=== Begin Enclosure ===

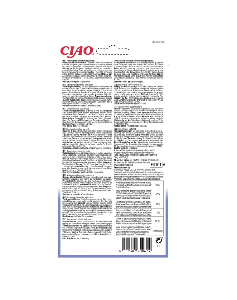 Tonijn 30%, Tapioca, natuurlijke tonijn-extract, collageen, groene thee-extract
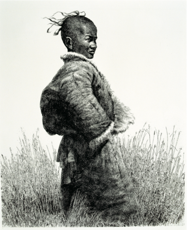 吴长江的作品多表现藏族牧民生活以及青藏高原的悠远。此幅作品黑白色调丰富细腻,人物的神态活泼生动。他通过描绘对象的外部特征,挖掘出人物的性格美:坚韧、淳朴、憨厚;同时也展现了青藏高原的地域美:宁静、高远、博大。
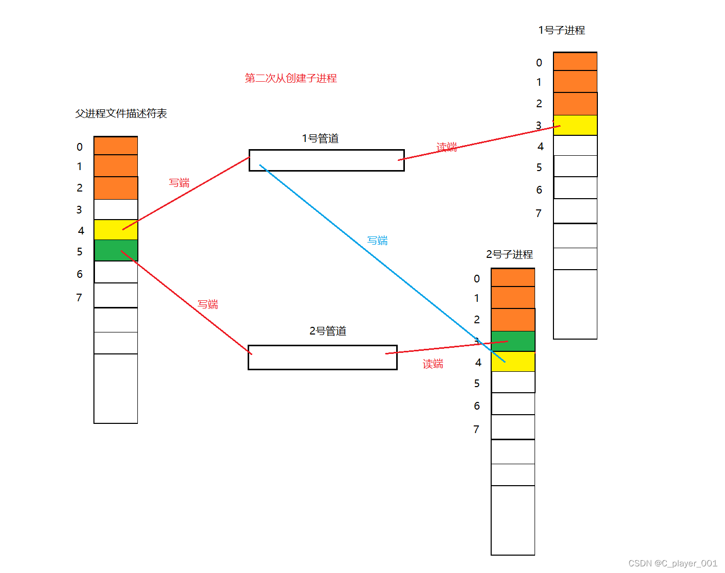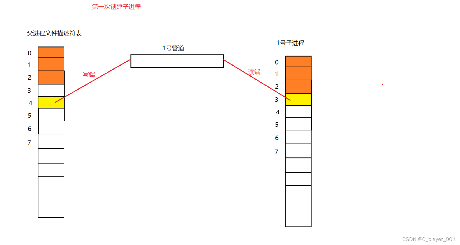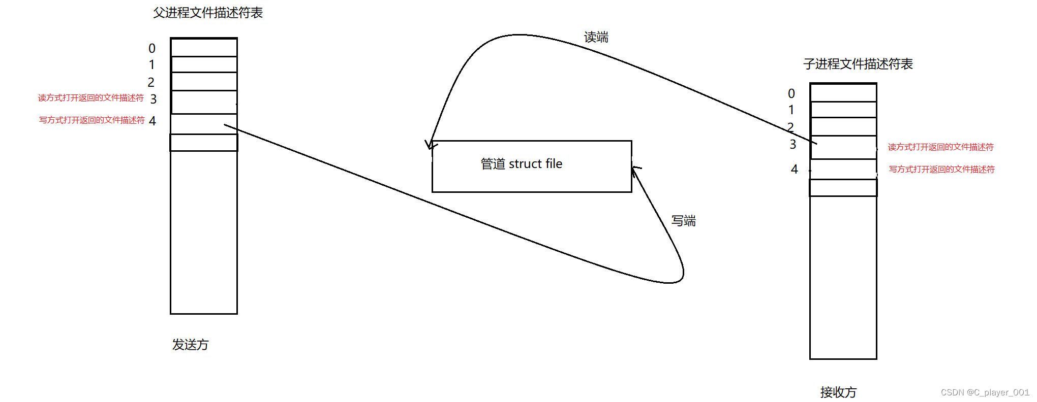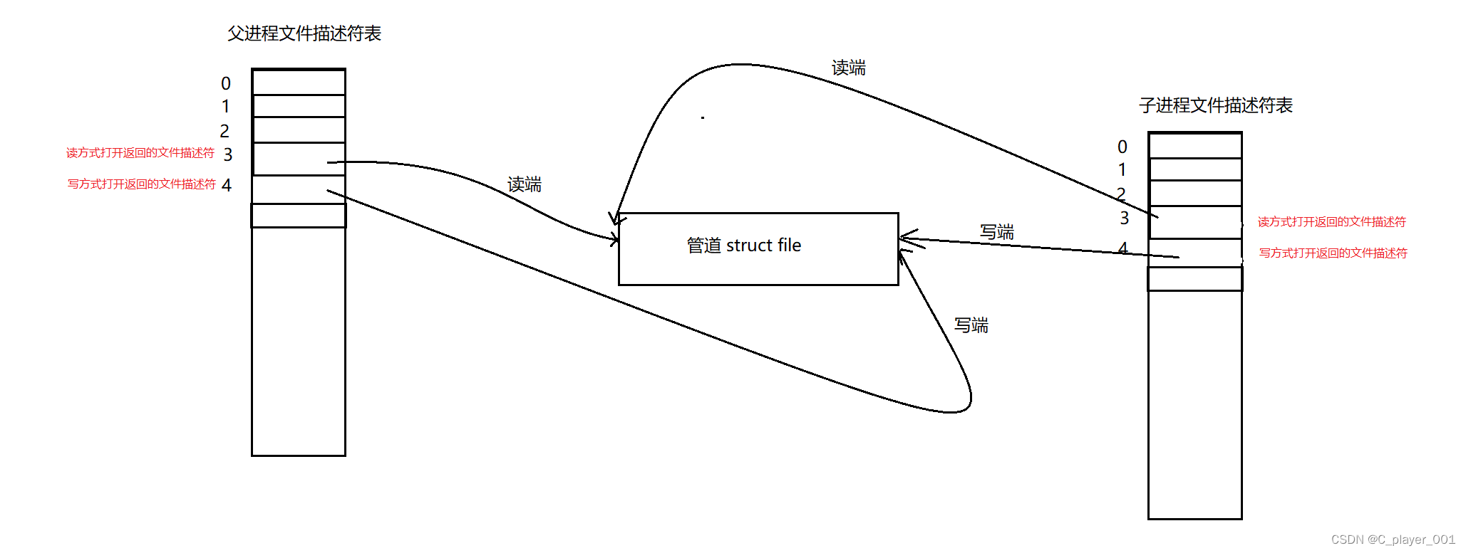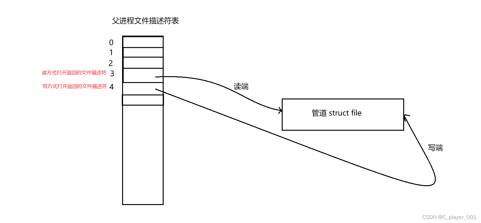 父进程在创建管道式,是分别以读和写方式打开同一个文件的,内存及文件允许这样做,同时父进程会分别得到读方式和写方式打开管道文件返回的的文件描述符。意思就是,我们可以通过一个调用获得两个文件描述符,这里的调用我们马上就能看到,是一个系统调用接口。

=== End Enclosure ===

→ WHAT IS NEEDED
All of the listing is to be written out exactly, with the pictures left out.

→ EXERCISE RESULT
 Tonijn 30%, Tapioca, natuurlijke tonijn-extract, collageen, groene thee-extract
 吴长江的作品多表现藏族牧民生活以及青藏高原的悠远。此幅作品黑白色调丰富细腻,人物的神态活泼生动。他通过描绘对象的外部特征,挖掘出人物的性格美:坚韧、淳朴、憨厚;同时也展现了青藏高原的地域美:宁静、高远、博大。
 父进程在创建管道式,是分别以读和写方式打开同一个文件的,内存及文件允许这样做,同时父进程会分别得到读方式和写方式打开管道文件返回的的文件描述符。意思就是,我们可以通过一个调用获得两个文件描述符,这里的调用我们马上就能看到,是一个系统调用接口。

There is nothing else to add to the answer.